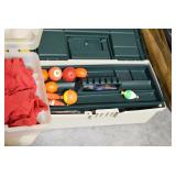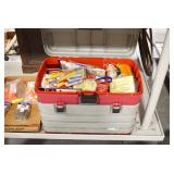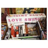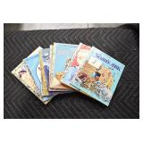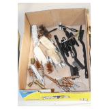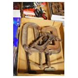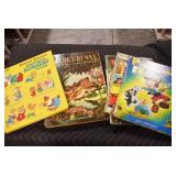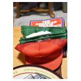 Antiques and Collectibles: (11) Lots of Various Vintage Childs Books, (11) Lots of Various Baseball Caps, Pottery Crocks and Jugs, Pottery Bowls, Vintage Comic Books, Marbles, Stained Glass Items, Shoeshine Tin, Vintage Banks, Castware, Large Amount of Vintage and Modern Tools, Original Black Forest Coo-Coo Clock, Old Photographs, Holiday Decorations, Sleigh Bells, Wooden Duck Decoys, Advertising Tins and Signs, Vintage Scales, Vintage Postcards, Vintage Eyeglasses, Political and Other Pinback Buttons, Bolo Ties, Old Wagon Wheel, Barbie Dolls, German Steins, Stamps and Stamp Albums, Large Amount of Football, Racing, Baseball, and Hockey Jackets and Jerseys, Sports Related Baseball Caps and Visors, Framed Prints and Pictures, and Other
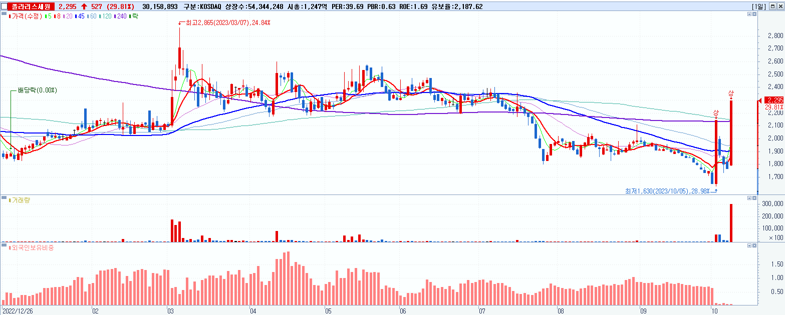 2.폴라리스세원 2,295원 ▲ 29.81% (KOSDAQ, 234100)
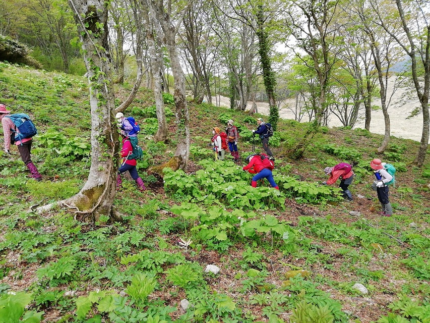 今回の山行の主な目的は花。一番のお目当て、サンカヨウの大きな群落が登山口のすぐ近くにある。
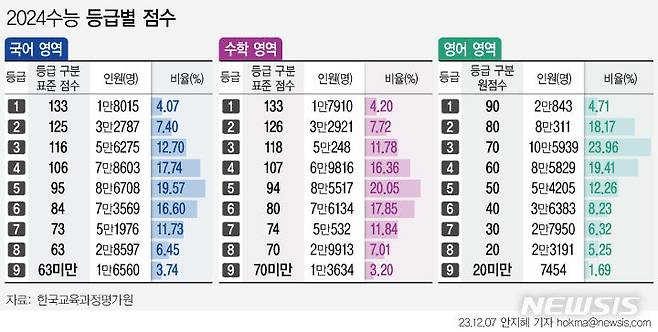 [서울=뉴시스] 7일 교육부와 한국교육과정평가원(평가원)이 ‘2024학년도 수능 채점 결과'를 발표했다. 수험생들은 이튿날인 오는 8일 성적표를 받게 된다. (그래픽=안지혜 기자)
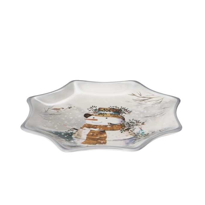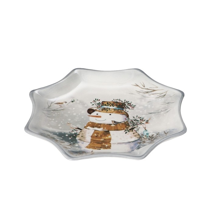 Блюдо сервировочное Доляна «Рождественский снеговик», d=20 см, цвет белый
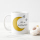 Make your Eid celebration truly personal with this fully customizable mug. The front features “Eid Mubarak” and a space to add your name, while the back provides a dedicated area for a personal message. Adorned with elegant line art of a golden crescent moon and silver stars, this mug is perfect for festive coffee or tea, or as a thoughtful, one-of-a-kind gift for family and friends. Fully editable design lets you personalize colors, text, and style to create your ideal Eid keepsake.
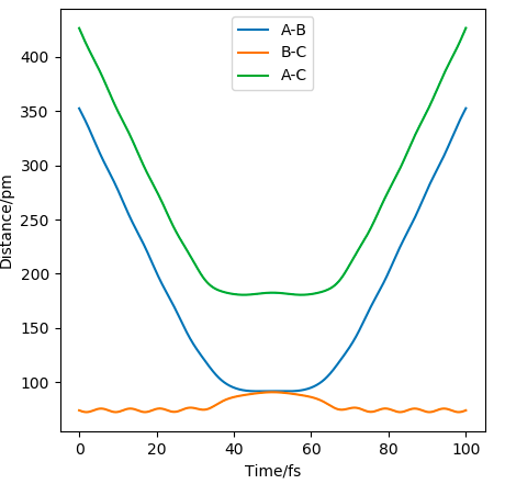Adjusting the initial geometry to AB=91.8 from AB=BC=90.8 nudges towards the reactants, hence reactants form. AB plateaus at 5.07, BC oscillates at 3.21. Distance/time calculations show BC oscillates at 74.02, whilst AB increases to 352.63.
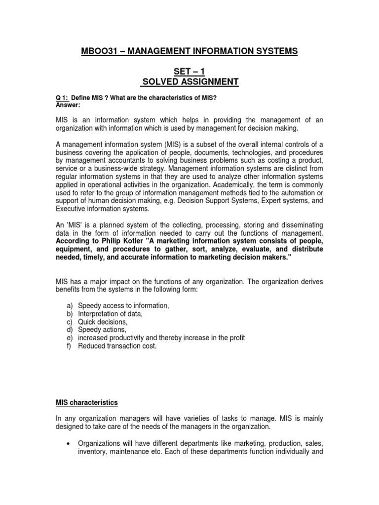 MBOO31 - Management Information Systems SET - 1 Solved Assignment | PDF ...

Exercise directions:
When copying from the data above, print only the lines from the line containing "今回の山行の主な目的は花。一" to the line containing "Make your Eid", exactly, and leave the pictures out.

Result of this task:
 今回の山行の主な目的は花。一番のお目当て、サンカヨウの大きな群落が登山口のすぐ近くにある。
 [서울=뉴시스] 7일 교육부와 한국교육과정평가원(평가원)이 ‘2024학년도 수능 채점 결과'를 발표했다. 수험생들은 이튿날인 오는 8일 성적표를 받게 된다. (그래픽=안지혜 기자)
 Блюдо сервировочное Доляна «Рождественский снеговик», d=20 см, цвет белый
 Make your Eid celebration truly personal with this fully customizable mug. The front features “Eid Mubarak” and a space to add your name, while the back provides a dedicated area for a personal message. Adorned with elegant line art of a golden crescent moon and silver stars, this mug is perfect for festive coffee or tea, or as a thoughtful, one-of-a-kind gift for family and friends. Fully editable design lets you personalize colors, text, and style to create your ideal Eid keepsake.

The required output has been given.